EXERCISE BRIEF
Please set down every line of the records below exactly, without the pictures.

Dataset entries
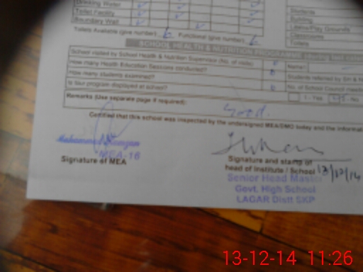 | Certified that this School was Inspected by the Undersigned MEA/DMO Today and the Information Stated Above is as Per Record. | |||||
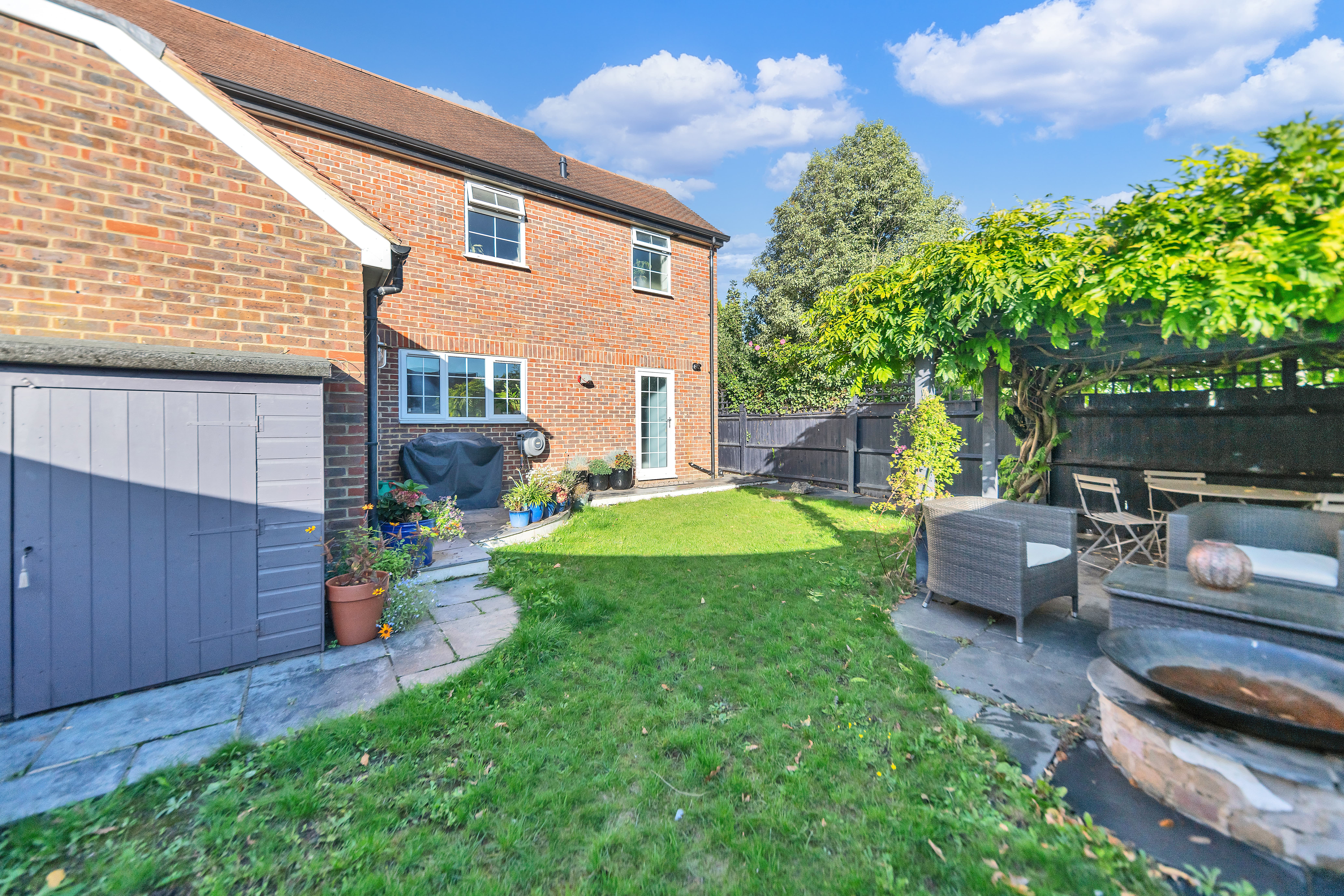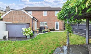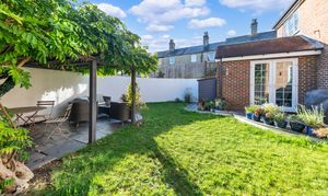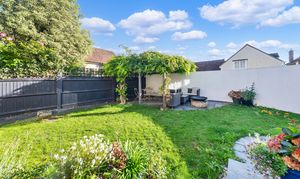 Outside, to the rear, the landscaped garden is a very good size, fully enclosed by fencing and brick walls and offering a well-maintained space to sit and relax during the sunny weather. It is laid mainly to lawn, with paved patio and a beautiful pergola covered with climbing plants, providing space for garden furniture, eating al fresco and entertaining guests. There is plenty of space for potted plants, access to a shed, and scope for new owners to put their own touches on things.
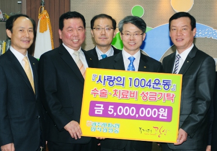 ³óÇù ±¤ÁÖÁö¿ªº»ºÎ´Â ³óÇù»ç¶ûÀÇ Ãµ»ç(1004)¿îµ¿ ¿î¿µÀ§¿øÈ¸¿Í ÇÔ²² ÀÓÁ÷¿øÀÌ ÀÚ¹ßÀûÀ¸·Î ¸ð±ÝÇÑ ¼º±Ý 500¸¸¿øÀ» ±¤»ê±¸¿¡ ±âŹÇß´Ù.
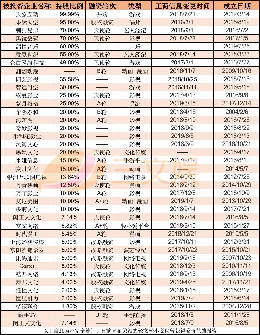 要扭亏为盈,还得依靠内容。2016-2018年,三年里爱奇艺每年上线的自制剧超过了20部。上文我们已经提到,接下来爱奇艺会继续加大在自制内容上的投入。而这里面的部分作品,就来自爱奇艺在文娱领域投资的公司。
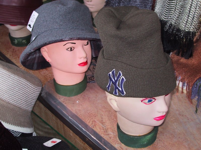出店で売られていた怪しいニューヨーク・ヤンキースの帽子とディスプレイ用のマネキン。。。
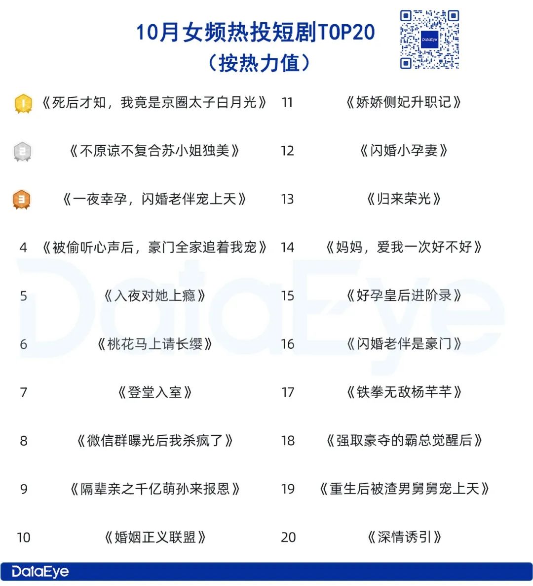 二、10月短剧新品榜TOP20:女频表现强势,TOP3热度领先
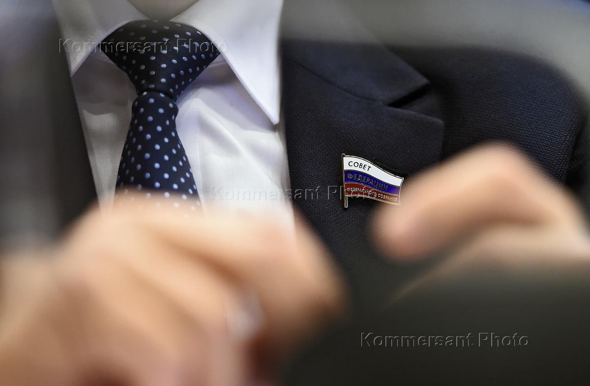 Жанровая фотография. Значок на лацкане пиджака "Совет Федерации Федерального собрания" .
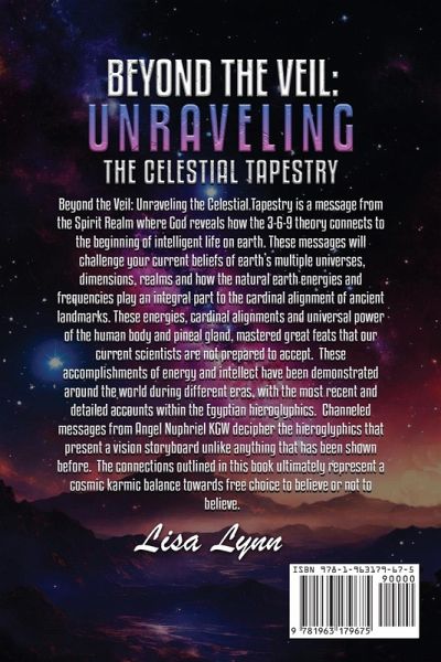 Beyond the Veil: Unraveling the celestial tapestry is a message from the spirit realm, revealing connections between ancient civilizations, their writings, and their worship to their Gods (God, God of Death (Satan) and the Universe (Milky way)). Through her dedicated mentor, Angel Nuphriel KGW, God and her assigned divine team, she introduces their recount of the beginnings of intellectual life of earth, the civilizations that have come and gone, the earth energy power grids that aligned these civilizations, and introduce their recount of the meanings behind ancient writings and hieroglyphics, and the energy power story they tell.
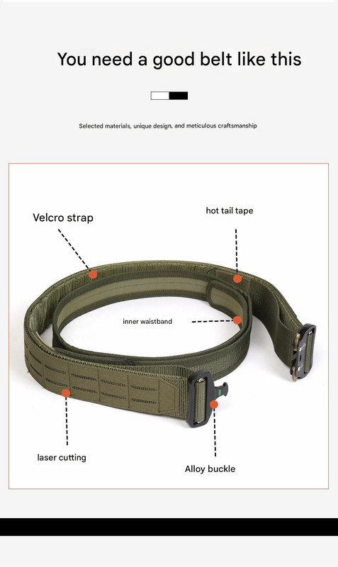 This tactical belt features a dual-layer design with a quick-release alloy buckle, providing reliable performance and convenience. It is suitable for outdoor activities such as tactical operations, mountaineering, and hiking, offering durability and adjustable comfort.
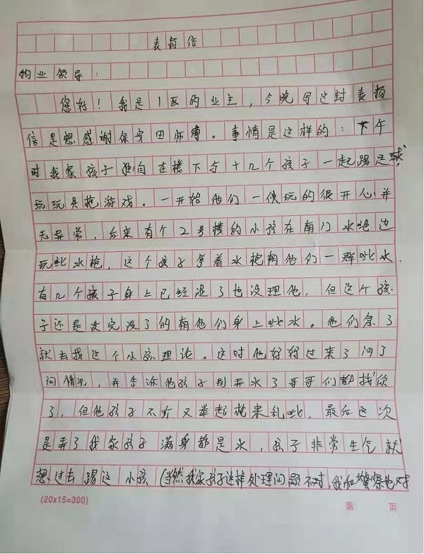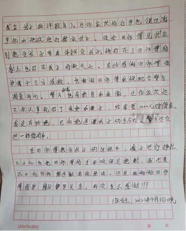 2022年4月3日,协平公司山东区域驻济南云世界班长田拥军在执勤时,反应及时,处置得当,成功制止了一起可能造成严重后果的治安案件的发生,业主写来表扬信送到单位表示感谢。
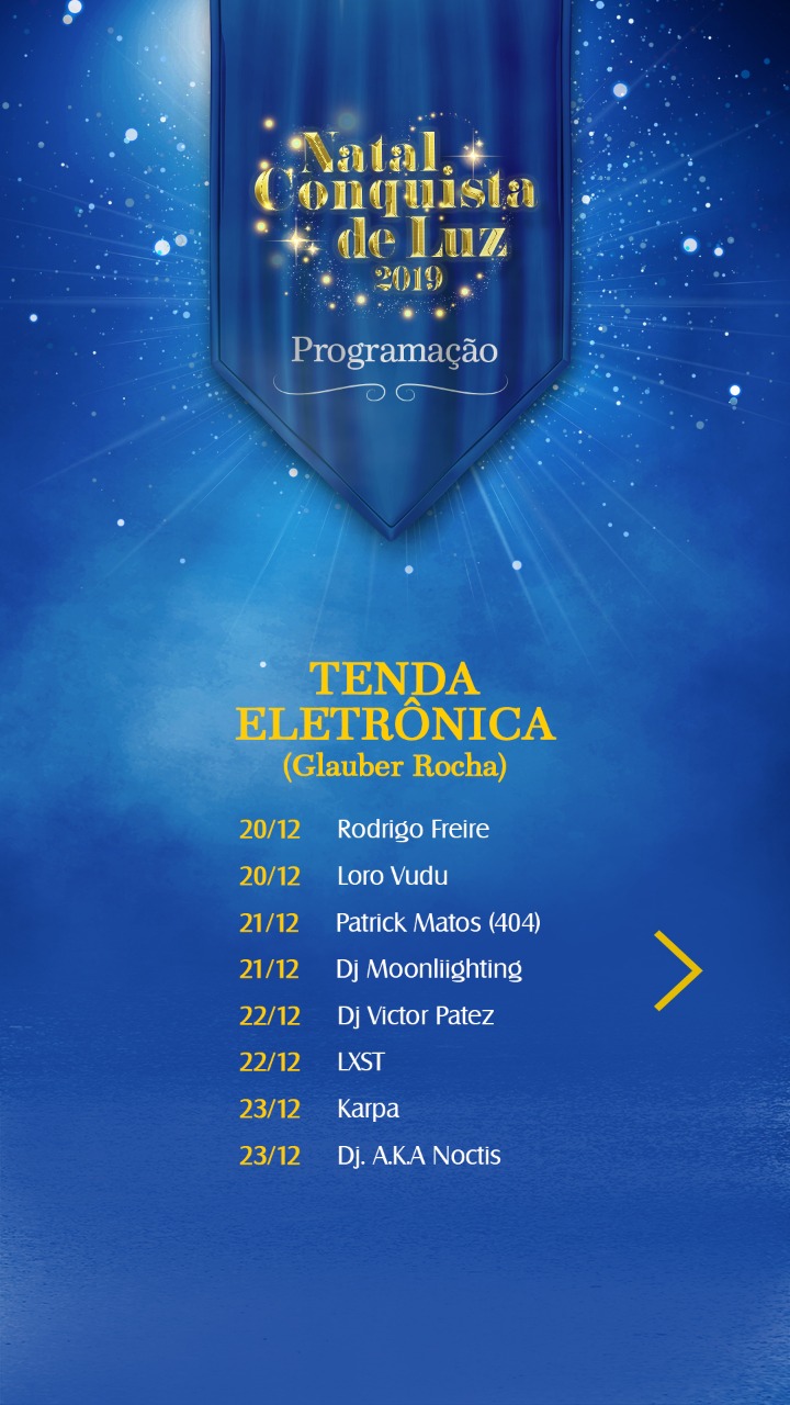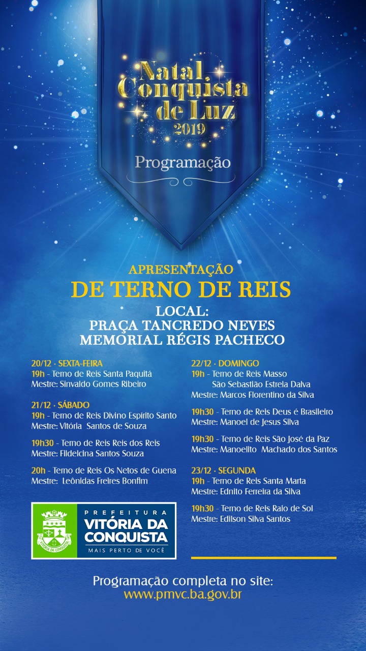 O Natal é uma das festas mais esperadas. E neste ano, o Natal Conquista de Luz, evento promovido pela Prefeitura Municipal, mescla o tradicional ao inovador. Shows e concertos musicais, apresentações de ternos de reis e corais e tenda de música eletrônica fazem parte da programação.
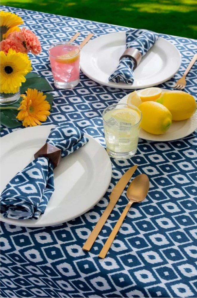 DII's spill proof tablecloths are perfect for outdoor use in the spring and summer months. The polyester material makes for simple cleanup. Great for BBQ's, parties, summer gatherings, dinner with the family, and more. Coordinate with the matching DII Outdoor Napkins for a complete look. DII's spill proof tablecloths are perfect for outdoor use in the spring and summer months The polyester material makes for simple cleanup - spill proof Great for BBQ's, parties, summer gatherings, dinner with the family, and more Design can be dressed up or down and can be used indoors and outdoors Features a classic design for an inviting look. Geometric Ikat Design is the perfect backdrop for a BBQ, Family Gathering, and Every day. Perfect for Outdoor Comes 84x60" 100% Polyester, for easy care Features: Rectangle (shape) Number of Pieces: 1 Dimensions (Overall): 84 Inches (L), 60 Inches (W) Textile Material: 100% Polyester Style: Tablecloths Textile construction: Plain Weave Fits Size: 60x84 Inches Rectangular Care & Cleaning: Machine Wash

YOUR SOLUTION
 | Certified that this School was Inspected by the Undersigned MEA/DMO Today and the Information Stated Above is as Per Record. | |||||
 Outside, to the rear, the landscaped garden is a very good size, fully enclosed by fencing and brick walls and offering a well-maintained space to sit and relax during the sunny weather. It is laid mainly to lawn, with paved patio and a beautiful pergola covered with climbing plants, providing space for garden furniture, eating al fresco and entertaining guests. There is plenty of space for potted plants, access to a shed, and scope for new owners to put their own touches on things.
 ³óÇù ±¤ÁÖÁö¿ªº»ºÎ´Â ³óÇù»ç¶ûÀÇ Ãµ»ç(1004)¿îµ¿ ¿î¿µÀ§¿øÈ¸¿Í ÇÔ²² ÀÓÁ÷¿øÀÌ ÀÚ¹ßÀûÀ¸·Î ¸ð±ÝÇÑ ¼º±Ý 500¸¸¿øÀ» ±¤»ê±¸¿¡ ±âŹÇß´Ù.
 要扭亏为盈,还得依靠内容。2016-2018年,三年里爱奇艺每年上线的自制剧超过了20部。上文我们已经提到,接下来爱奇艺会继续加大在自制内容上的投入。而这里面的部分作品,就来自爱奇艺在文娱领域投资的公司。
出店で売られていた怪しいニューヨーク・ヤンキースの帽子とディスプレイ用のマネキン。。。
 二、10月短剧新品榜TOP20:女频表现强势,TOP3热度领先
 Жанровая фотография. Значок на лацкане пиджака "Совет Федерации Федерального собрания" .
 Beyond the Veil: Unraveling the celestial tapestry is a message from the spirit realm, revealing connections between ancient civilizations, their writings, and their worship to their Gods (God, God of Death (Satan) and the Universe (Milky way)). Through her dedicated mentor, Angel Nuphriel KGW, God and her assigned divine team, she introduces their recount of the beginnings of intellectual life of earth, the civilizations that have come and gone, the earth energy power grids that aligned these civilizations, and introduce their recount of the meanings behind ancient writings and hieroglyphics, and the energy power story they tell.
 This tactical belt features a dual-layer design with a quick-release alloy buckle, providing reliable performance and convenience. It is suitable for outdoor activities such as tactical operations, mountaineering, and hiking, offering durability and adjustable comfort.
 2022年4月3日,协平公司山东区域驻济南云世界班长田拥军在执勤时,反应及时,处置得当,成功制止了一起可能造成严重后果的治安案件的发生,业主写来表扬信送到单位表示感谢。
 O Natal é uma das festas mais esperadas. E neste ano, o Natal Conquista de Luz, evento promovido pela Prefeitura Municipal, mescla o tradicional ao inovador. Shows e concertos musicais, apresentações de ternos de reis e corais e tenda de música eletrônica fazem parte da programação.
 DII's spill proof tablecloths are perfect for outdoor use in the spring and summer months. The polyester material makes for simple cleanup. Great for BBQ's, parties, summer gatherings, dinner with the family, and more. Coordinate with the matching DII Outdoor Napkins for a complete look. DII's spill proof tablecloths are perfect for outdoor use in the spring and summer months The polyester material makes for simple cleanup - spill proof Great for BBQ's, parties, summer gatherings, dinner with the family, and more Design can be dressed up or down and can be used indoors and outdoors Features a classic design for an inviting look. Geometric Ikat Design is the perfect backdrop for a BBQ, Family Gathering, and Every day. Perfect for Outdoor Comes 84x60" 100% Polyester, for easy care Features: Rectangle (shape) Number of Pieces: 1 Dimensions (Overall): 84 Inches (L), 60 Inches (W) Textile Material: 100% Polyester Style: Tablecloths Textile construction: Plain Weave Fits Size: 60x84 Inches Rectangular Care & Cleaning: Machine Wash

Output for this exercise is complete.